Abandoned churchAn abandoned Methodist church in Gary, Indiana. (photo: slworking2/Flickr, cc by-nc-nd 2.0)

The scientist Lord Martin Rees is an atheist who calls himself a “tribal Christian” because he participates in church services to have social and cultural connection to his Anglican brethren. But recent research is showing that, in some countries, the flock is moving in the opposite direction — out of churches and toward affiliating with other non-believers. And, possibly for the same reason, that calls some “tribal Christians” to a pew each Sunday.

According to researchers from Northwestern University and the University of Arizona, people in nine countries — Australia, Austria, Canada, the Czech Republic, Finland, Ireland, the Netherlands, New Zealand, and Switzerland — say they have no religious affiliation, a trend that continues upward. Researchers compare the shift to replacing one’s native language.

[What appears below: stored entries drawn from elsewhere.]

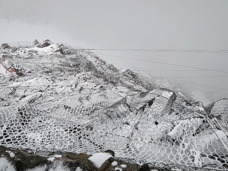 The area around the top station is a true construction site these days, as the new lift is in its last stages of construction. The jungles of wires looked intriguing in the fog and new snow. |
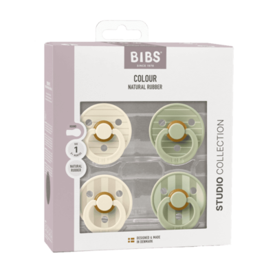 Bibs Soother Studio 4 pack – Natural Rubber – Size 1 – Pin Ivory Vanilla /Sage
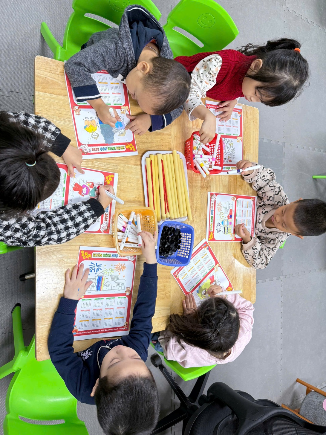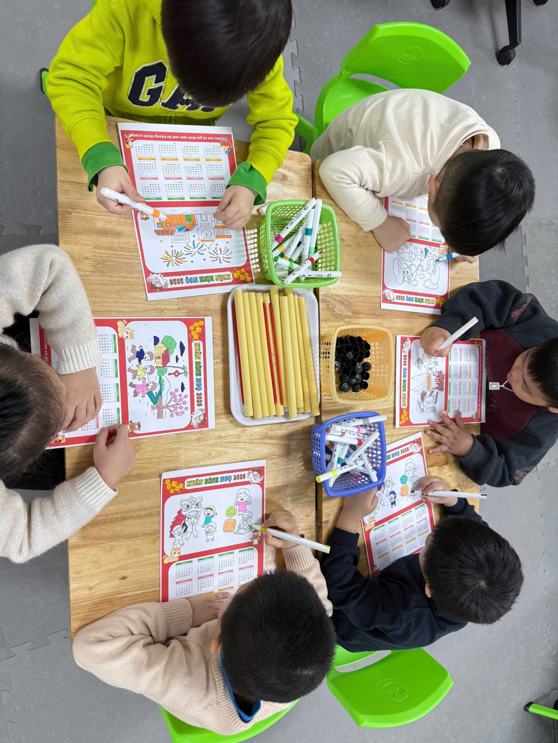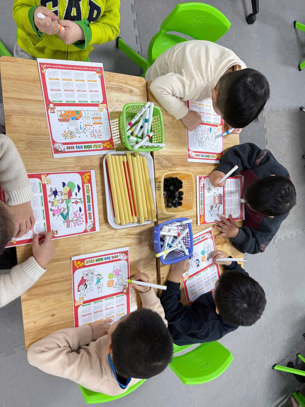Dưới sự hướng dẫn của giáo viên, các bé đã tự tay tô màu, trang trí lịch bằng hình ảnh minh họa, họa tiết mùa xuân. Mỗi tờ lịch mang một nét riêng, thể hiện sự sáng tạo và cảm xúc vui tươi của trẻ khi chào đón năm mới.

I heard the same themes in a documentary called The Linguists, in which two researchers traveled to Siberia, India, and Bolivia to capture recordings of obscure languages on the brink of extinction. The older, less-spoken languages were replaced when they became socially undesirable or financially limiting. They would “trade up” in a sense to be able to integrate with the more popular language of a nearby majority.

Richard Wiener, one of the study’s authors, says, for example, that “there can be greater utility or status in speaking Spanish instead of [the dying language] Quechuan in Peru, and similarly there’s some kind of status or utility in being a member of a religion or not.”

What about this analogy he makes? How does not identifying with religion serve people in a way that checking the “religious” box didn’t before? And if the social utility argument holds true, why wouldn’t believers in less popular faith systems simply join larger more mainstream churches/traditions like megachurches who are reporting huge growth?